Now you need to upgrade to the canister filter.


----------



## Chippin-in (Feb 4, 2010)

dbhost, the starter collar actually works ok. I just caulked it from the bottom to make it airtight. It is also screwed to the bottom of the top. I dont believe it adversely affects how the system works. I have never seen where it says the pipe should extend into/past the lid, or how far it should extend into/past the lid. Did I miss something? 

Richard, it does handicap the space in the can. I may have to get a larger container now..again :wallbash:.

The pipe I bought for $4.40 for a 5ft section. The elbows were $1.78 each (I think). It was definately cheaper than the s&d pipe I found around here, especially the fittings ( I would have had to make long trips to get the stuff). But, it is not as easy to work with. You gotta have tin snips and definately wear gloves. Some of the ends dont fit just right :furious:..sometimes after you cut the pipe, so you gotta mess with that. Then you have to tape it all.

As far as taking the pipes apart to empty the can, Those fittings may be two of the three easiest ones that fit..Thank goodness. I just loosen the clamp, slide the clamp up or down, remove the pipe and slide the can out from underneath them. Would it be easier with a flex hose? Yes. But I can deal with this.

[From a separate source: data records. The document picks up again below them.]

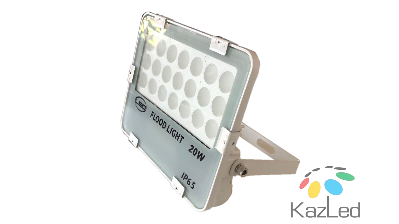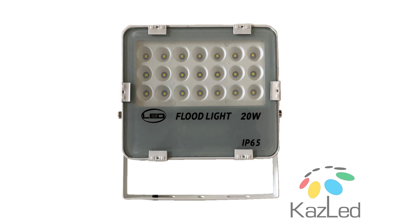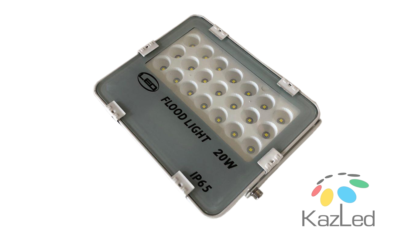 Светодиодный прожектор мощностью 20 Вт. Напряжение питания 90-265 В. Угол светового потока 120 градусов. Световой поток - 2400 Лм. Цвет холодный белый - 6000К. Степень защиты IP66. Размеры 185x150x40мм
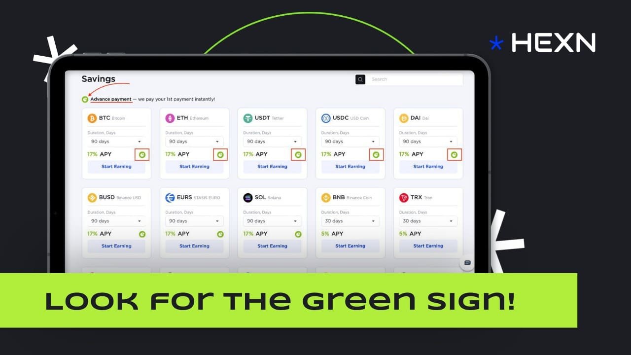 We know how important it is to feel safe when investing your money. That’s why we embedded an Advance Payment feature into HEXN — you can get part of your interest income right after you open a savings account and not worry about the integrity of our lending platform. The longer your deposit term, the higher your interest rate, and the more money you can get now.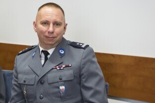 Urząd Miejski w Gdańsku. Prezydent Gdańska Paweł Adamowicz wręcza nagrody dla gdańskich policjantów za walkę z nielegalnym graffiti. Nz. p.o. Komendanta Miejskiego Policji w Gdańsku mł. insp. Wojciech Siwek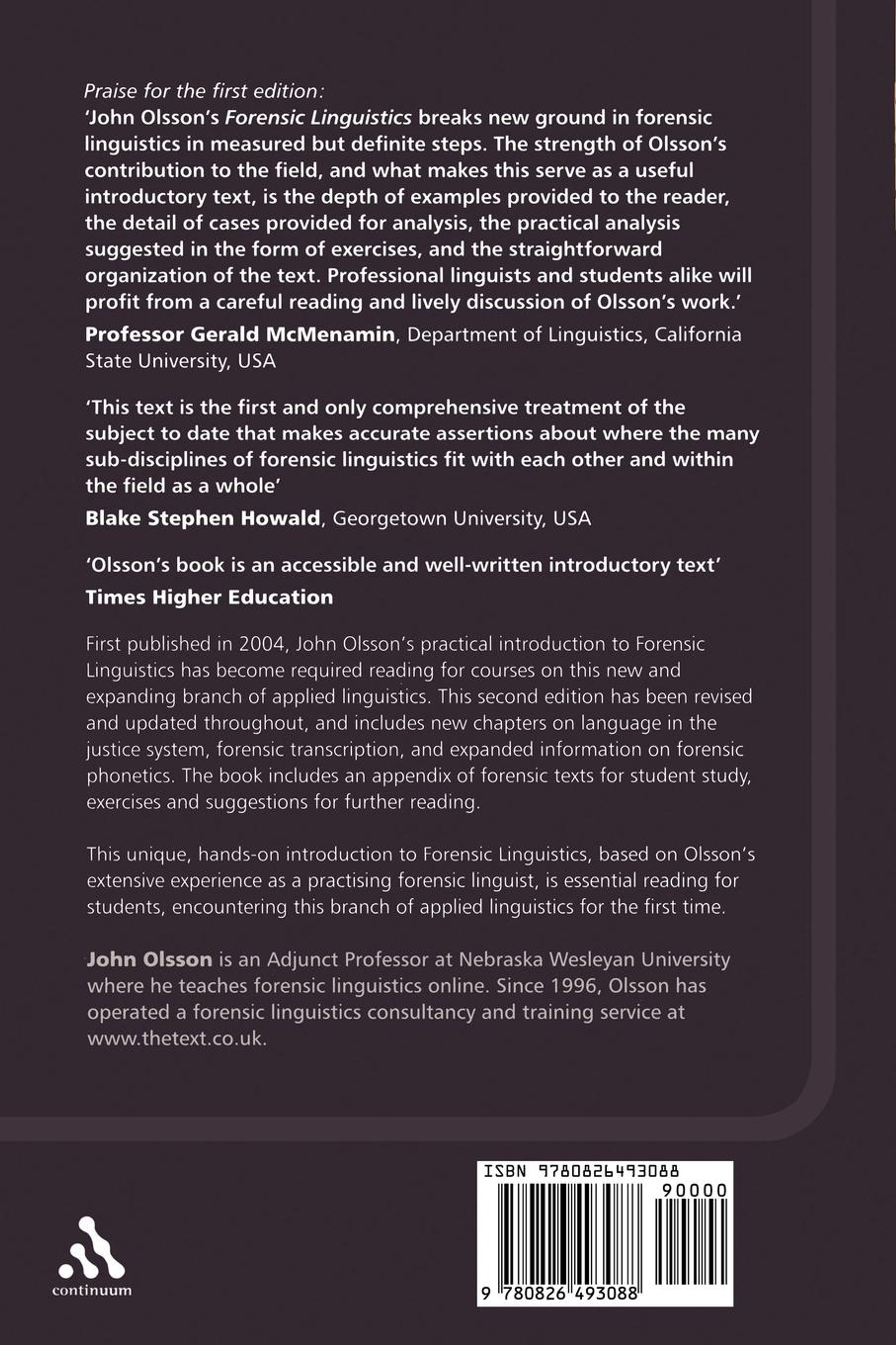 This unique, hands-on introduction to Forensic Linguistics, based on Olsson's extensive experience as a practising forensic linguist, is essential reading for students, and researchers encountering this branch of applied linguistics for the first time.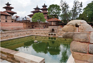 The Bhandarkhal water tank is the focal element of the garden behind Patan Darbar. Both the tank and the nearby Tusha Hiti are connected to Patan's historic water infrastructure, which includes 5 aquifers, 11 reservoirs, 28 drinking water fountains, and 34 step-wells. The Lohan Hiti water spout on the east side of the tank was once the main source of water for Patan Darbar. Prior to restoration, the tank was in a structurally unstable condition and lacked foundations. Monsoon rains would drain into the ground within hours, indicating the failure of the traditional black clay waterproofing system. During the recent restoration, new brick foundations and retaining walls were built, a pond liner was added to prevent water leakage, and the surviving stone carvings were saved and reinstalled.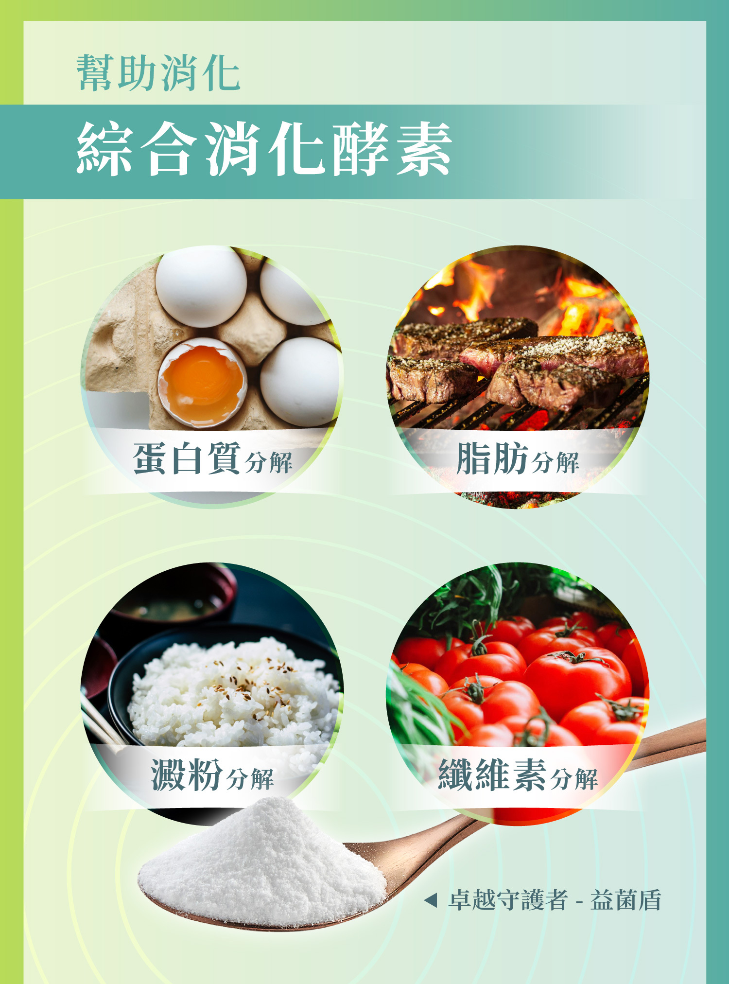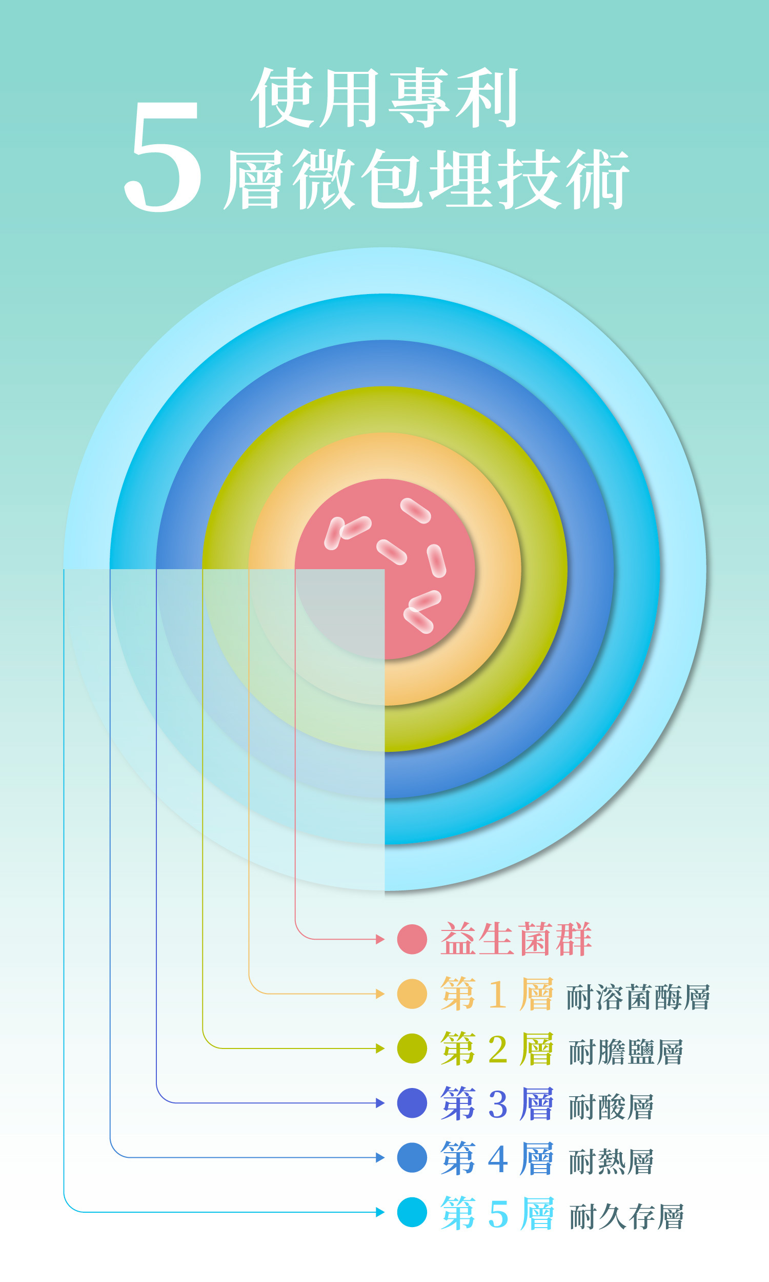 益菌盾所使用納豆芽孢菌、KT-11後生元及專利五層微包埋益生菌,耐熱、耐酸、耐鹼,因此可在三餐飯後食用。

I used all three machines somewhat extensively today. I did not notice the bag with any more dust than I started with and all the machines were getting good dust collection. So I think its OK.

Thanks
Robert


----------



## EHCRain (Oct 24, 2010)

if you want a really good air tight seal on your pipe joints get a bucket of duct mastic, its designed to airseal HVAC ducts and works great. Biggest draw back is if you ever decide to take the system apart its very hard to remove.


----------



## Chippin-in (Feb 4, 2010)

I used to work in a duct shop for a short time. Never used duct mastic. I worked mostly in roofing-type sheet metal..If that duct mastic is anything like roofing mastic...Ill pass :laughing:. It gets everywhere, at least when I used it.

Thanks tho,
Robert


----------



## dmh (Sep 18, 2010)

Chippin-in said:


> The pipe I bought for $4.40 for a 5ft section. The elbows were $1.78 each (I think). It was definately cheaper than the s&d pipe I found around here, especially the fittings ( I would have had to make long trips to get the stuff). But, it is not as easy to work with. You gotta have tin snips and definately wear gloves. Some of the ends dont fit just right :furious:..sometimes after you cut the pipe, so you gotta mess with that. Then you have to tape it all.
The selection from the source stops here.